I tried the binary classification using MNIST only number “1” and “5”. But the accuracy isn’t well.. The following program is anything wrong? If you find something, please give me some advice.
loss: -9.9190e+04
accuracy: 0.5599
import tensorflow as tf
from tensorflow import keras
import numpy as np
import matplotlib.pyplot as plt
mnist = keras.datasets.mnist
(x_train, y_train), (x_test, y_test) = mnist.load_data()
x_train = x_train / 255.0
x_test = x_test / 255.0
train_filter = np.where((y_train == 1) | (y_train == 5))
test_filter = np.where((y_test == 1) | (y_test == 5))
x_train, y_train = x_train[train_filter], y_train[train_filter]
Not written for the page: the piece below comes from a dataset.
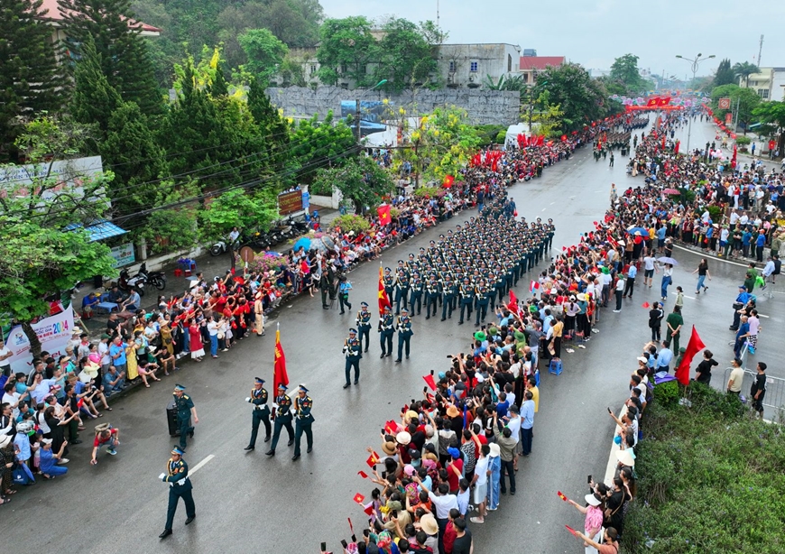 Bộ đội diễu hành trên đường phố trong sự cổ vũ nồng nhiệt của đông đảo người dân địa phương trong dịp kỷ niệm 70 năm Chiến thắng Điện Biên Phủ (7-5-1954/7-5-2024).

x_test, y_test = x_test[test_filter], y_test[test_filter]
print("x_train", x_train.shape)
print("x_test", x_test.shape)
# x_train (12163, 28, 28)
# x_test (2027, 28, 28)
model = keras.Sequential(
[
keras.layers.Flatten(input_shape=(28, 28)),
keras.layers.Dense(128, activation="relu"),
keras.layers.Dense(1, activation="sigmoid"),
]
)
model.compile(optimizer="adam", loss="binary_crossentropy", metrics=["accuracy"])
model.fit(x_train, y_train, epochs=5)
loss, acc = model.evaluate(x_test, y_test, verbose=2)
print("accuracy:", acc)
# 2027/1 - 0s - loss: -9.9190e+04 - accuracy: 0.5599
# accuracy: 0.5599408
Your y_train and y_test is filled with class labels 1 and 5, but sigmoid activation in your last layer is squashing output between 0 and 1.
if you change 5 into 0 in your y you will get a really high accuracy:
y_train = np.where(y_train == 5, 0, y_train)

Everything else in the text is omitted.